Выбрать главу

П.А. Вяземский писал в своей статье о стихотворениях Карамзина (1867):

«С ним родилась у нас поэзия чувства, любви к природе, нежных отливов мысли и впечатлений, словом сказать, поэзия внутренняя, задушевная... Если в Карамзине можно заметить некоторый недостаток в блестящих свойствах счастливого стихотворца, то он имел чувство и сознание новых поэтических форм».

Карамзин в истории литературного языка. Одна из величайших заслуг Карамзина перед русской культурой – это произведенная им реформа русского литературного языка. На пути подготовки русской речи к Пушкину Карамзин явился одним из наиболее крупных деятелей. Современники видели в нем даже создателя тех форм языка, которые унаследовали Жуковский, Батюшков, а затем и Пушкин, несколько преувеличивая значение переворота, им осуществленного.

Карамзинская реформа языка была подготовлена усилиями его предшественников. Но незаурядная лингвистическая одаренность Карамзина выделяет его в этом отношении из числа писателей его времени, и именно он в наиболее отчетливом виде воплотил тенденции обновления русского стиля, потребность в котором ощущалась всей передовой литературой конца XVIII в. Сам Карамзин, придя в литературу, был недоволен тем языком, каким писались тогда книги. Задача реформы языка вставала перед ним совершенно сознательно и настоятельно. В 1798 г. Карамзин писал Дмитриеву: «Пока не выдаю собственных своих безделок, хочу служить публике собранием чужих пиес, писанных не совсем обыкновенным русским, то есть не совсем пакостным слогом» (18. VIII. 1798). Карамзин чувствовал, что новые задачи, поставленные им перед собой как литератором, не могут быть воплощены в формах старого языка, недостаточно гибкого, легкого и изящного. Он выступил против церковнославянской ориентации «высокого штиля» литературы XVIII в., видя в ней, с одной стороны, реакционную церковно-феодальную тенденцию и провинциальную оторванность от западной языковой культуры, с другой – патетику гражданственности, слишком радикальную для него (тип использования славянизмов у Радищева).
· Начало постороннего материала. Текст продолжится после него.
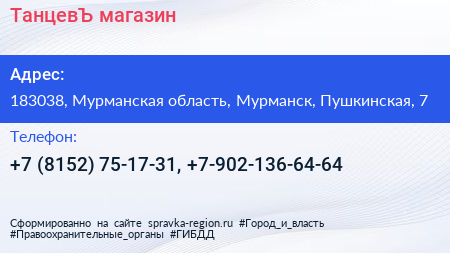 ТанцевЪ, магазин по адресу 183038, Мурманская область, Мурманск, Пушкинская, 7 в дальнейшем Организация, размещена в следующих категориях:
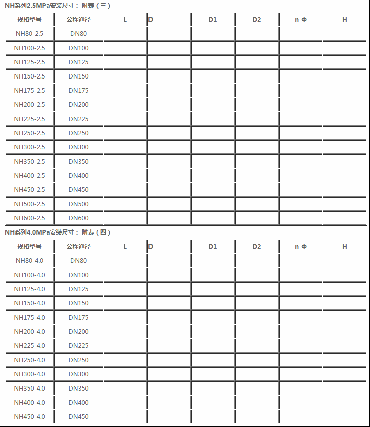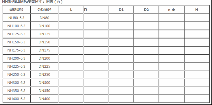 NH系列1.6MPa安裝尺寸:

В статьях «Московского Журнала» он осуждает «славяномудрие» некоторых писателей. Он осуждает славянизмы и у Дмитриева, которому пишет дружески 17 августа 1793 г.: «Персты и сокрушу производят какое-то дурное действие».

Решившись создать новый литературный стиль, Карамзин не захотел обратиться и к источнику народной, живой, реалистической речи. Ее органический демократизм, ее глубокая связь с подлинной неприкрашенной действительностью пугали его. Белинский сказал: «Вероятно, Карамзин старался писать, как говорится. Погрешность он презрел идиомами русского языка, не прислушивался к языку простолюдинов и не изучал вообще родных источников»*.

* Белинский В. Г. Литературные мечтания, 1834.

Эстетизация мира у Карамзина была способом набросить на действительность покров искусства, покров красоты, измышленной и не выведенной из самой действительности. Изящно-жеманный язык Карамзина, изобилующий округлыми и эстетическими перифразами, заменяющий простое и «грубое» для него называние вещей эмоциональными узорами слов, чрезвычайно выразителен в этом смысле. «Счастливые швейцары! – восклицает он в «Письмах русского путешественника», – всякий ли день, всякий ли час благодарите вы небо за свое счастье, живучи в объятиях прелестной натуры, под благодетельными законами братского союза, в простоте нравов и служа одному богу? Вся жизнь ваша есть, конечно, приятное сновидение, и самая роковая стрела должна кротко влетать в грудь вашу, не возмущаемую тиранскими страстями». Карамзин предпочитает говорить не прямо о свободе швейцарцев, а описательно, смягченно, о том, что они служат одному богу, не прямо о смерти, страшной смерти, а изящно, отвлеченно и эстетически о роковой стреле, кротко влетающей в грудь.